This post was co-written by Pawel Kowalski, a Technical Product Manager for DXC RoboticDrive and Dr. Max Böhm, a software and systems architect and DXC Distinguished Engineer.

To build the first fully autonomous vehicle, L5 standard per SAE, auto-manufacturers collected sensor data from test vehicle fleets across the globe in their testing facilities and driving circuits. It wasn’t easy collecting, ingesting and managing massive amounts of data, and that’s before it’s used for any meaningful processing, and training the AI self-driving algorithms. In this blog post, we outline a solution using DCX RoboticDrive Ingestor to address the following challenges faced by automotive original equipment manufacturers (OEMs) when ingesting sensor data from the car to the data lake:

  • Each test drive alone can gather hundreds of terabytes of data per fleet. A few vehicles doing test fleets can produce petabyte(s) worth of data in a day.
  • Vehicles collect data from all the sensors into local storage with fast disks. Disks must offload data to a buffer station and then to a data lake as soon as possible to be reused in the test drives.
  • Data is stored in binary file formats like ROSbag, ADTF or MDF4, that are difficult to read for any pre-ingest checks and security scans.
  • On-premises (ingest location) to Cloud data ingestion requires a hybrid solution with reliable connectivity to the cloud.
  • Ingesting process depositing files into a data lake without organizing them first can cause discovery and read performance issues later in the analytics phase.
  • Orchestrating and scaling an ingest solution can involve several steps, such as copy, security scans, metadata extraction, anonymization, annotation, and more.

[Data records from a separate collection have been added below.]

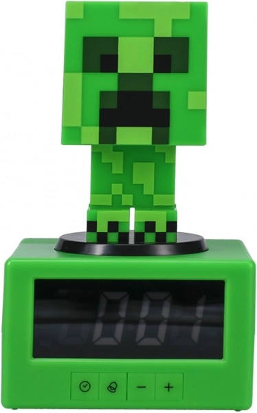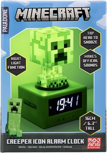 Offizieller Wecker für Minecraft-Fans mit ikonischem Creeper-Look und praktischen Funktionen für ein bequemes Aufstehen. Durch Drücken des Kopfes aktivieren Sie das Nachtlicht, mit einem sanften Tippen aktivieren Sie die Schlummerfunktion. Digitalanzeige, Betrieb mit 3× AA und Höhe 16 cm machen ihn zu einem stylischen Accessoire für jeden Nachttisch.
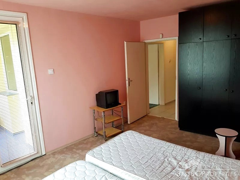 The apartment has eastern exposure. It is sold with a garage of 15 sq m, which is near the entrance of the building and also a basement of 9 sq m. The building is next to a park, the Fair, Kaufland, bus stop, school and a kindergarten.
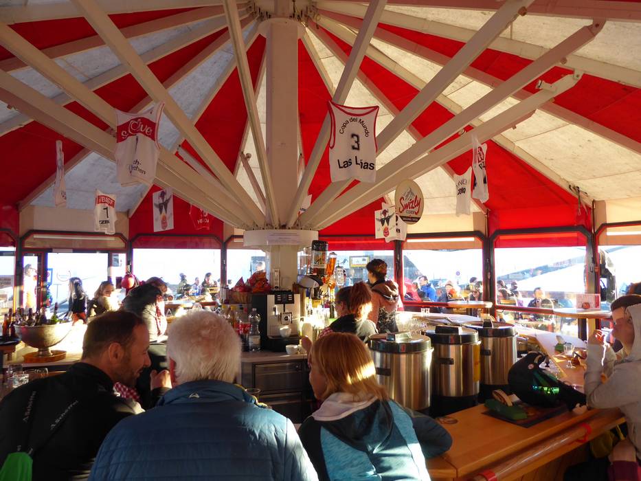 Bij de Funibar laat je de skidag in een stijlvolle sfeer uitklinken. De laatste zonnestralen kun je in de ligstoelen genieten. Daarna moet je echter nog de dalafdaling maken.
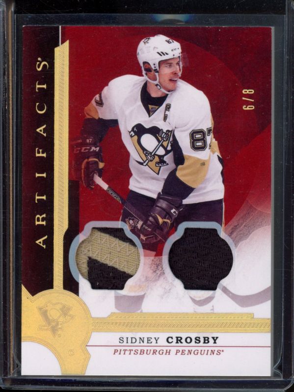 The Sidney Crosby 2016 Upper Deck Artifacts #125 Materials - Gold Spectrum /8 card is 1 of 15 Sidney Crosby's card variations in the 2016 Upper Deck Artifacts set being tracked by Sports Card Investor, including Base /499, Ruby /299, Emerald /99, Orange /55, and Gold Spectrum /25.
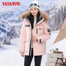 鸭鸭工装风羽绒服女2025新款大毛领中长款时尚保暖鹅绒外套M
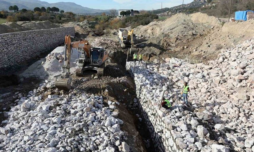 Muğla Büyükşehir Belediyesi, Yatağan’ın Hacıbayramlar Mahallesi’nde zemin çökmesi yaşanan Delice Çayı üzerinde, 29 milyon 352 bin TL’lik yatırım kapsamında taş istinat duvarı yapımına başladı.
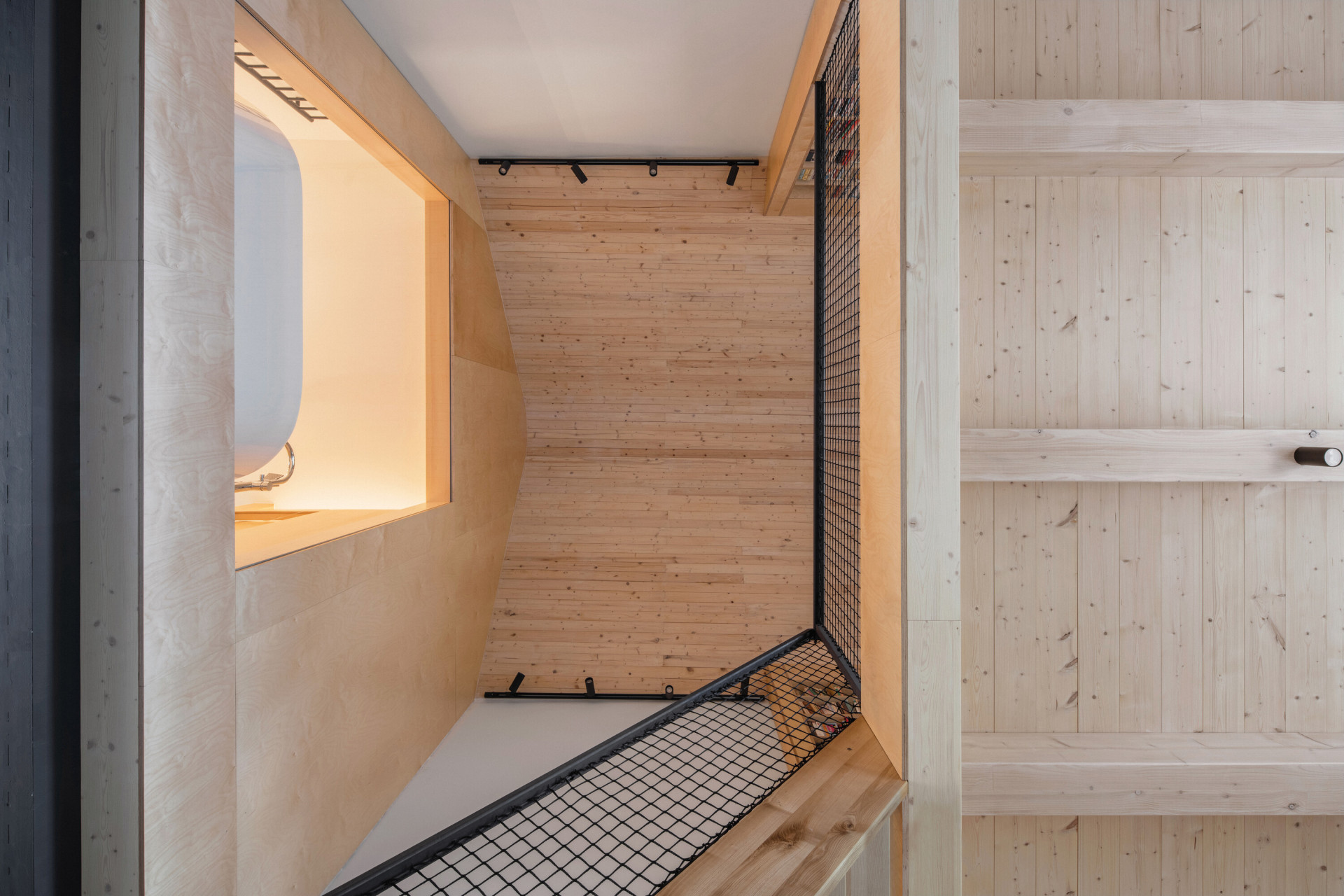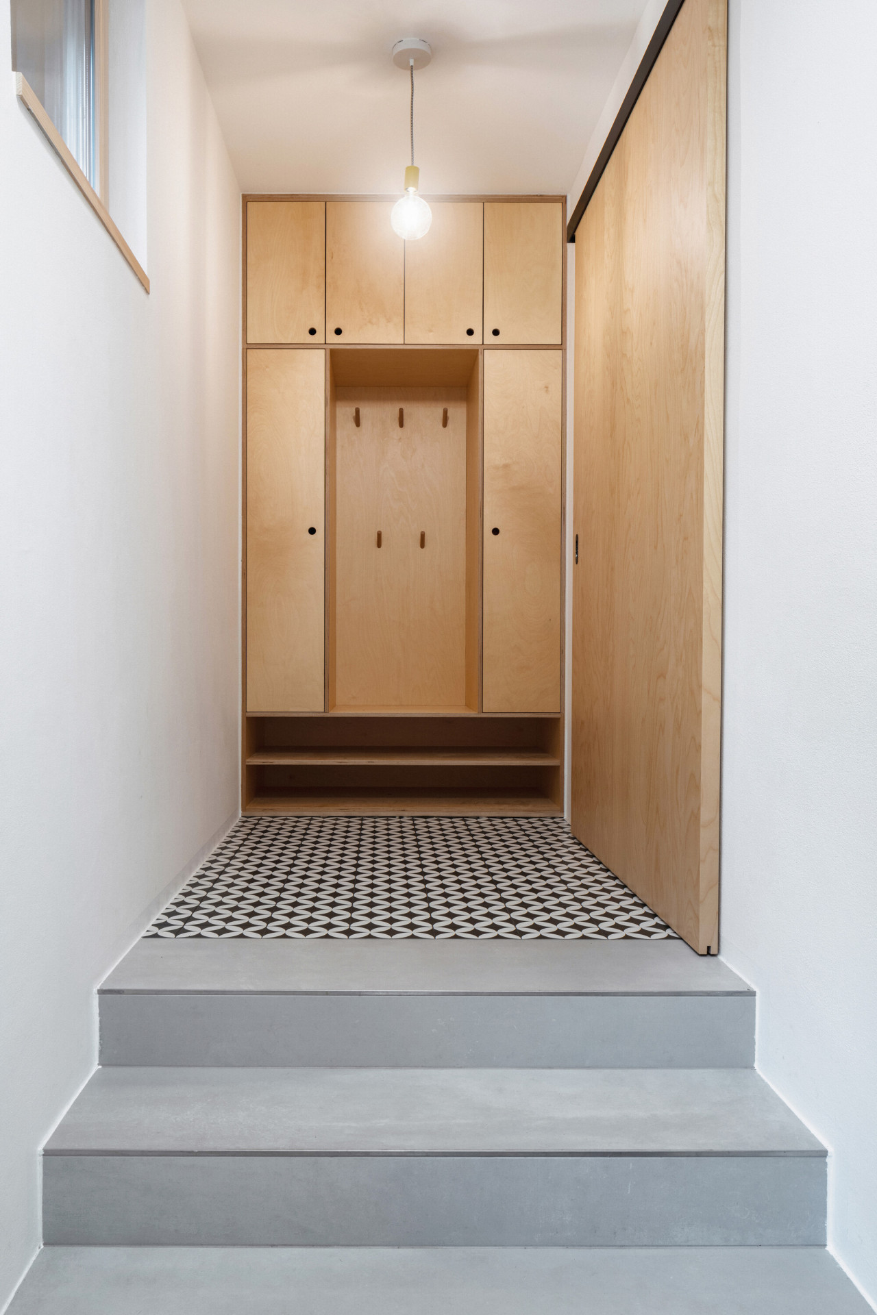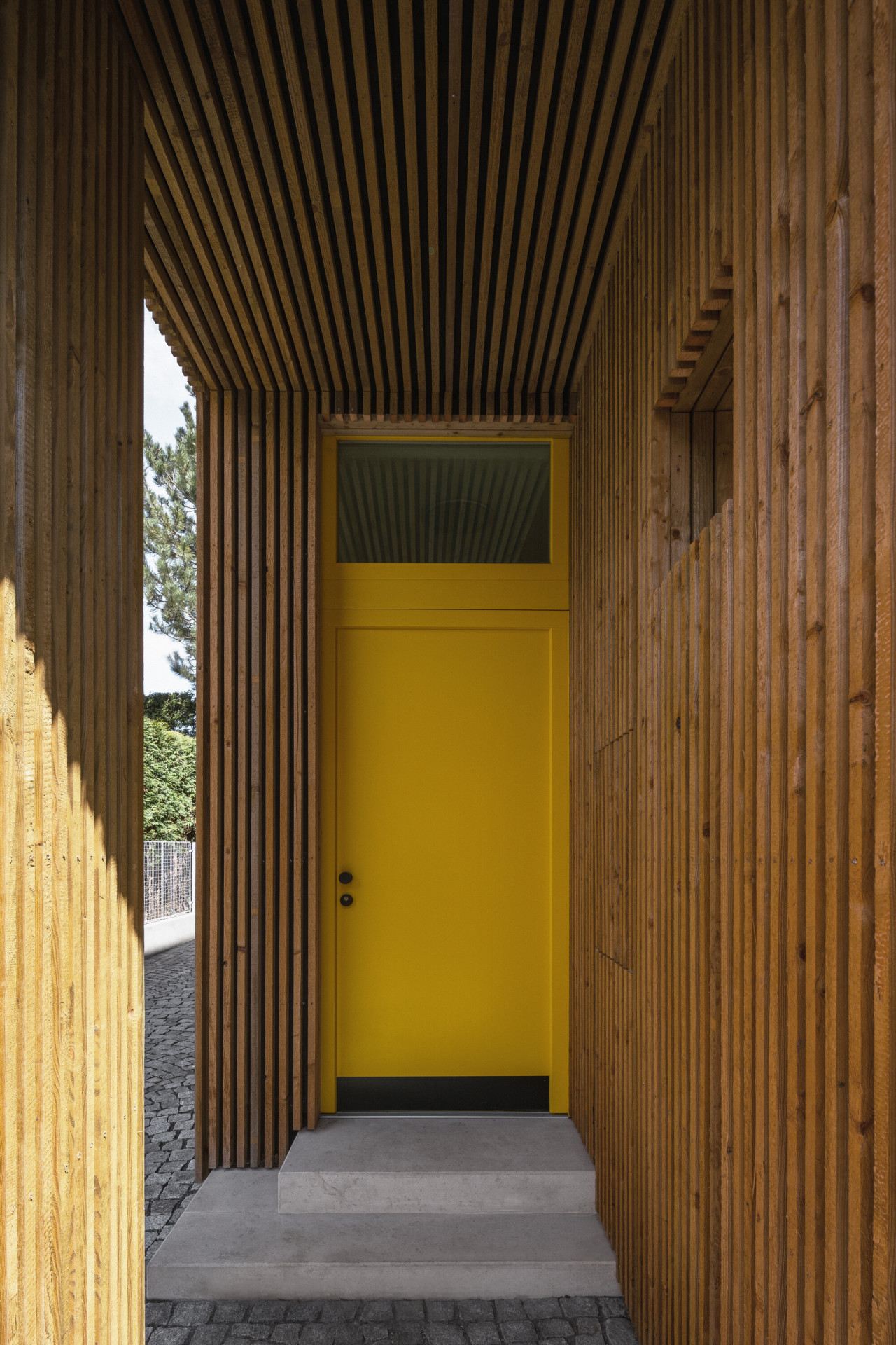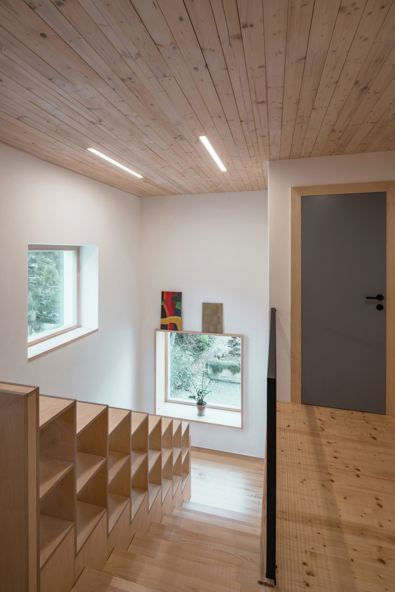Charakteristickým materiálem pro ztvárnění přístavby se stalo dřevo, to je jak venku, tak vevnitř v interiérech. Je z něj vestavný nábytek, včetně v kuchyně, nejvíce ale upoutá podhled ze smrkových prken. A pak taky obklad stěny koupelny, která visí v převýšeném prostoru nad obývacím pokojem. Z toho je vidět až do štítu, prostorové souvislosti jsou v domě netradiční. Zvenčí je tomu naopak, záměrně, autoři totiž říkají, že chtěli dojít umírněného výsledku. To se jim podařilo, výsledek je ale současně zábavný a když projdete kolem, všimnete si ho.

Overview of the RoboticDrive Ingestor solution

The DXC RoboticDrive Ingestor (RDI) solution addresses the core requirements as follows:

  • Cloud ready:  Implements a recommended architectural pattern where data from globally located logger copy stations are ingested into the cloud data lake in one or more AWS Regions over AWS Direct Connect or Site-to-Site VPN connections.
  • Scalable: Runs multiple steps as defined in an Ingest Pipeline, containerized on Amazon EKS based Amazon EC2 compute nodes that can auto-scale horizontally and vertically on AWS. Steps can be for example, Virus Scan, Copy to Amazon S3, Quality Check, Metadata Extraction, and others.
  • Performant: Uses the Apache Spark-based DXC RoboticDrive Analyzer component to process large amounts of sensor data files efficiently in parallel, which will be described in a future blog post. Analyzer can read and processes native automotive file formats, extract and prepare metadata, and populate metadata into the DXC RoboticDrive Meta Data Store. The maximum throughput of network and disk is leveraged and data files are placed on the data lake following a hierarchical prefix domain model, that aligns with the best practices around S3 performance.
  • Operations ready: Containerized deployment, custom monitoring UI, visual workflow management with MWAA, Amazon CloudWatch based monitoring for virtual infrastructure and cloud native services.
  • Modular: Programmatically add or customize steps into the managed Ingest Pipeline DAG, defined in Amazon Managed Workflows for Apache Airflow (MWAA).
  • Security: IAM based access policy and technical roles, Amazon Cognito based UI authentication, virus scan, and an optional data anonymization step.

The ingest pipeline copies new files to S3 followed by user configurable steps, such as Virus Scan or Integrity Checks. When new files have been uploaded, cloud native S3 event notifications generate messages in an Amazon SQS queue. These are then consumed by serverless AWS Lambda functions or by containerized workloads in the EKS cluster, to asynchronously perform metadata extraction steps.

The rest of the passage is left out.